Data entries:
* * * * * * * * *
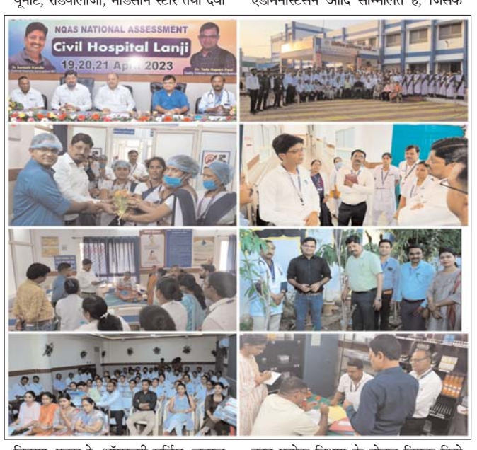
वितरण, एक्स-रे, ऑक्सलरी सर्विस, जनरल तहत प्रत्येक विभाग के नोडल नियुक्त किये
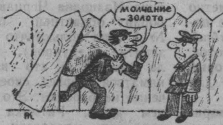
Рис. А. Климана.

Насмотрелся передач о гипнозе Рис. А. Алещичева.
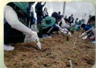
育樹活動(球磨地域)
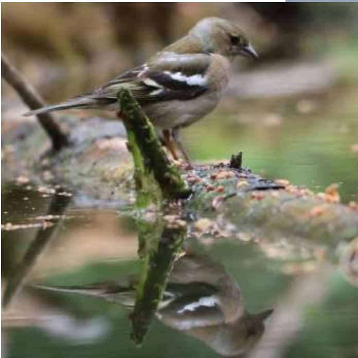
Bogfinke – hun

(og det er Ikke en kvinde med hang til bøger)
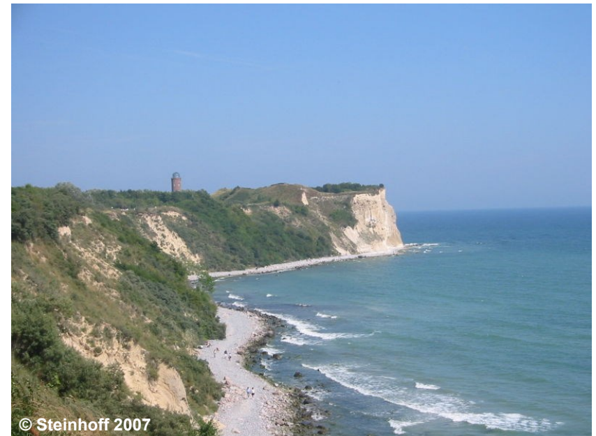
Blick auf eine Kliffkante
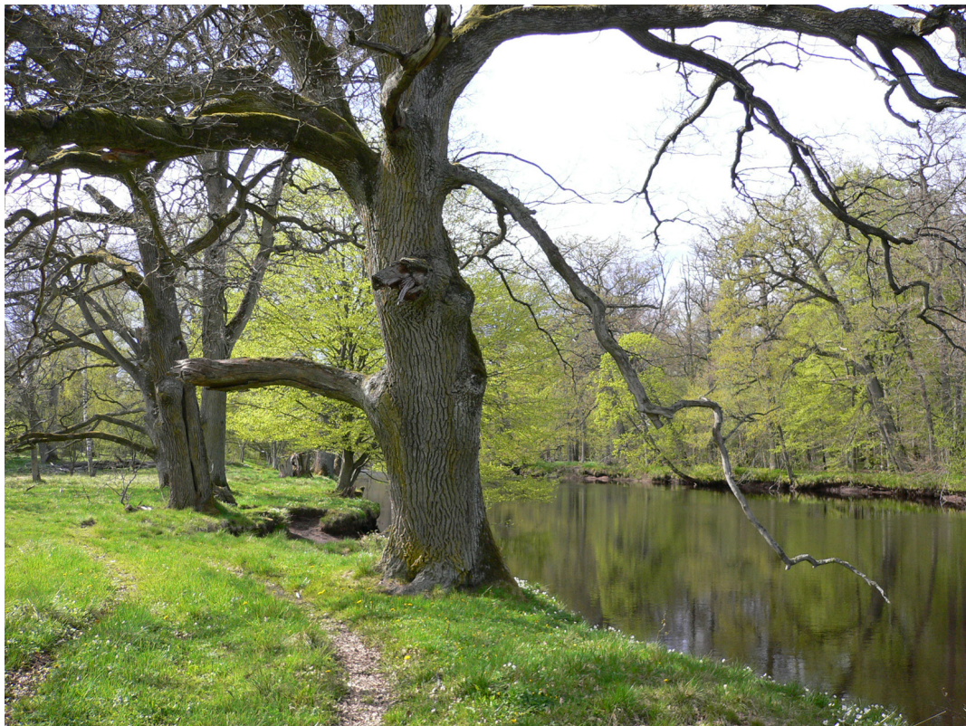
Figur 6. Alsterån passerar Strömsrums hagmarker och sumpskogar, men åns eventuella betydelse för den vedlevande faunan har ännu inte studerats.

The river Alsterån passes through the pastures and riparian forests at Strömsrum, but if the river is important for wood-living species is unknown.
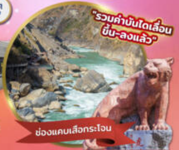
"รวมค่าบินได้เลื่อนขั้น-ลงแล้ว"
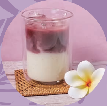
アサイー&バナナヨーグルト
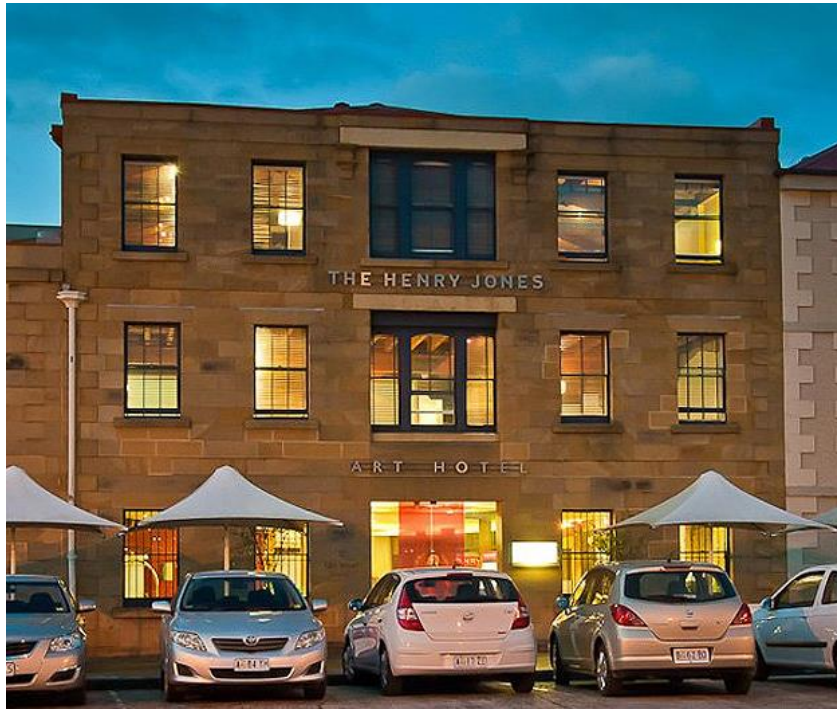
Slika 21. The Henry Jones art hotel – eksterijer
* * * * * * * * *
What to do
Quote exactly, and only, the lines from the line containing "(og det er Ikke en kvinde med hang til bøger)" through the final line of the records above, both included, omitting any pictures.

Solution
(og det er Ikke en kvinde med hang til bøger)
Blick auf eine Kliffkante
Figur 6. Alsterån passerar Strömsrums hagmarker och sumpskogar, men åns eventuella betydelse för den vedlevande faunan har ännu inte studerats.

The river Alsterån passes through the pastures and riparian forests at Strömsrum, but if the river is important for wood-living species is unknown.
"รวมค่าบินได้เลื่อนขั้น-ลงแล้ว"
アサイー&バナナヨーグルト
Slika 21. The Henry Jones art hotel – eksterijer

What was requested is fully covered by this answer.